Tropical Island Parfait
This sweet treat is even yummy for dessert! Chop up ½ cup of cantaloupe, ½ cup of strawberries and ½ cup kiwifruit. Beginning with nonfat granola cereal (3 tablespoons makes 2 servings), alternate layers of granola, nonfat yogurt—try flavors such as vanilla or pineapple (you’ll need about 1 ½ cups for 2 servings) –and fruit in parfait glasses or goblets. Sprinkle additional granola on top.
When You Play Sports
Playing sports and other physical activities is very fun—it’s a great way to be with your friends and get some exercise.
But, you also want to be smart when you play sports and make sure you take steps to protect yourself and your eyes from getting hurt.
Most eye injuries among kids ages 11 to 14 do occur while playing sports, especially during baseball, basketball, ice hockey and racquet sports.
The good news is that 90% of these injuries could be prevented by taking proper precautions!
Take Proper Precautions for Sports Safety!
- Consider wearing protective eyewear regardless of whether or not you wear glasses or contacts.
- Your everyday eyeglasses do not count as protective eyewear. You need to have your parents, caregiver or coach help you find the correct pair of safety glasses, goggles, safety shields or eye guards.
- Lenses that are made from something called polycarbonate material, such as Transitions lenses, provide the highest level of protection; they can withstand a ball or other objects traveling at 90 miles per hour.
You can find more information about protective eyewear and sports at www.thevisioncouncil.org.
Know Your Dominant Eye for a Competitive Edge!
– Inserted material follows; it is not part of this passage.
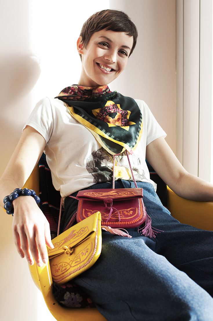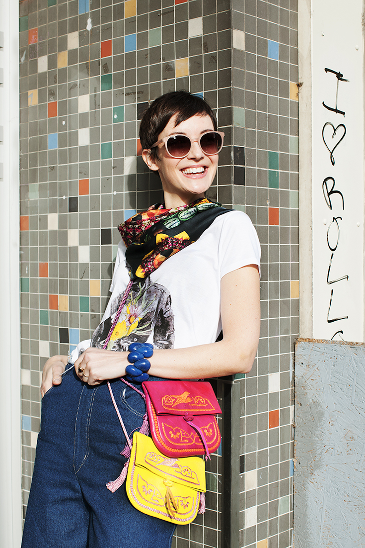 T-Shirt »Robot Flower« aus Biobaumwolle von Wunderwerk*, 49,95 Euro. Highwaist Jeans mit ausgefransten Säumen von Black Velvet Circus, 150 Euro. Blaues Armband von Organic Tagua Jewlery über abury.net, 39 Euro. Sonnenbrille »The Charming« von Viu, 145 Euro. Handgefertigte Berbertaschen in Pink und Gelb, je 99 Euro, beide von Abury*. Tuch mit Mandala-Print aus Bio-Seide von Cocccon über sugartrends.de*, 149 Euro.

Dr. Larry Lampert is a sports vision specialist who trains professional athletes of all levels to use their vision to improve their sports performance and give you an edge in all activities. Even if you’re not in the pros (yet!), this simple tip can help when you play sports.
Knowing your dominant eye is important for all sports—and no different than whether you are right- or left-handed, you are right- or left-eye dominant. But, even if you are right-handed, it doesn’t necessarily mean that you are right-eyed.
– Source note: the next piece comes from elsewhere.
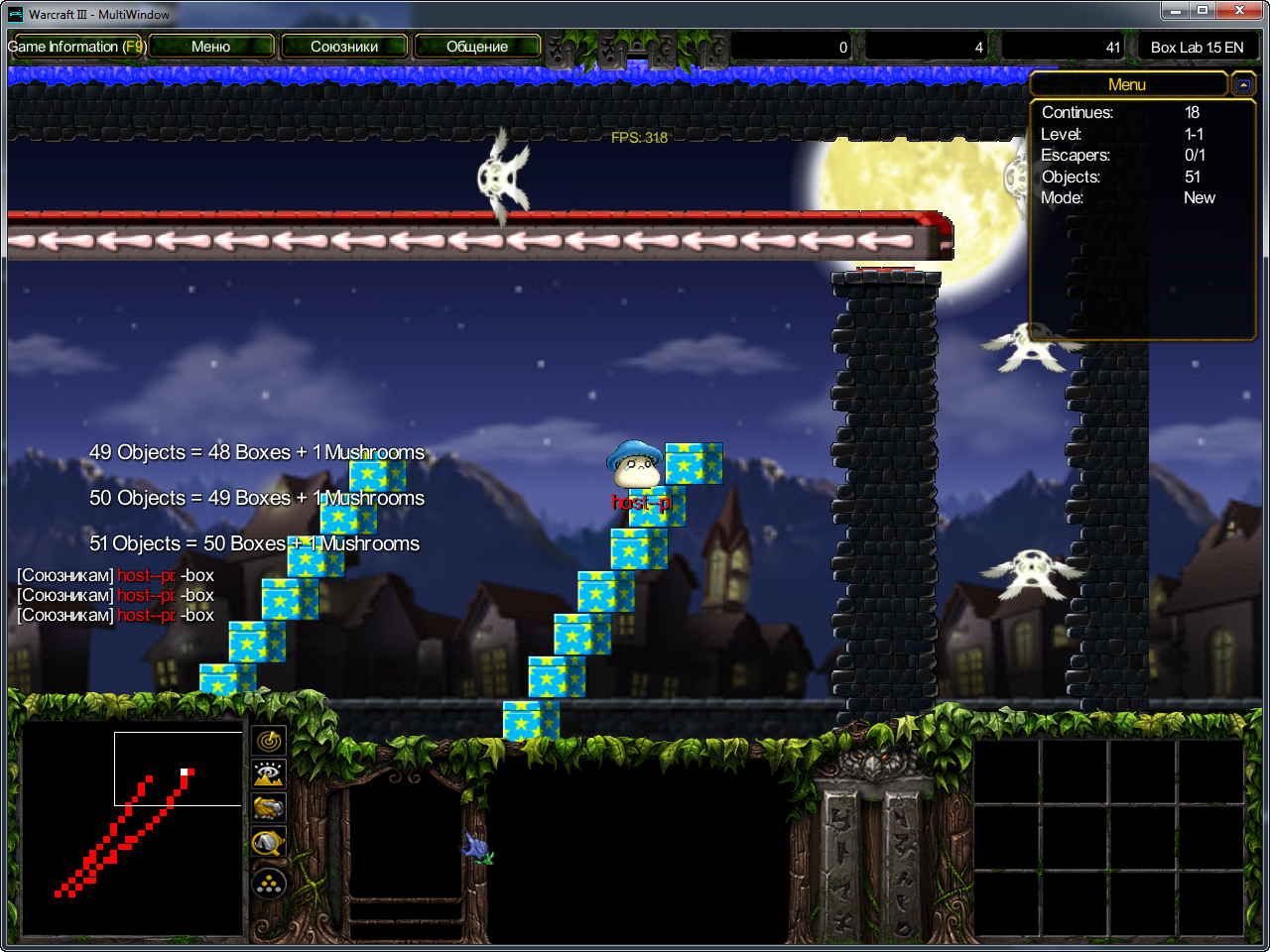 а если сделать две лесенки: -ladder2 20 + 30 раз -box - итого 50 коробок двумя лесенками - то будет 30 фпс

It only takes a quick test to determine which eye is your dominant eye. Simply bring your hands together in front of you, and bring your thumbs and pointer fingers together to make a small hole between your hands. Bring your hands up to your nose. Find an object or a spot on the wall and focus on that spot through the hole you have made with your hands. Then close one eye at a time—the eye that finds the spot is your dominant eye.
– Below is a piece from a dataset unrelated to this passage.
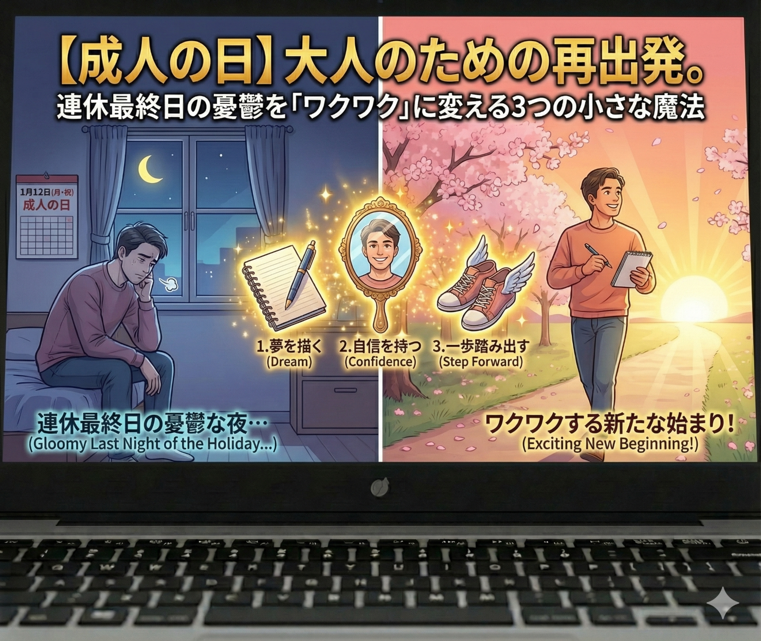 【成人の日】大人のための再出発。連休最終日の憂鬱を「ワクワク」に変える3つの小さな魔法
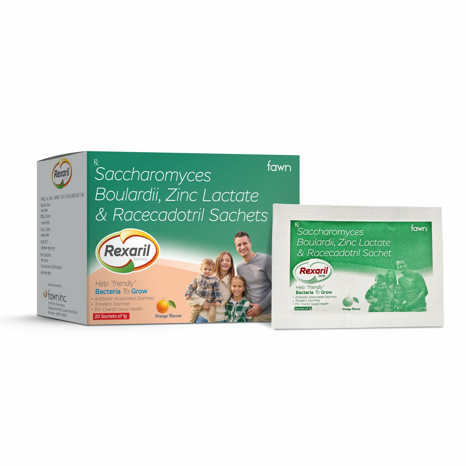 Each 1 G Sachet Contains: Saccharomyces Boulardii (Corresponding To 250 Mg Of Yeast) 282.5 Mg + Racecadotril 15 Mg +Zinc Lactate Eq. To Elemental Zinc 7.5 Mg (Drug)

Knowing your dominant eye can help give you an edge when you play sports, regardless of which sport you are playing or what your skill level is.
For example, if you hit a golf ball, you should always position your dominant eye directly over the back tip of the ball when you line up to putt. This straightens your alignment, and gives your putt a greater, direct impact. Of course, it’s always important that your eyes are healthy and that your line of vision is clear.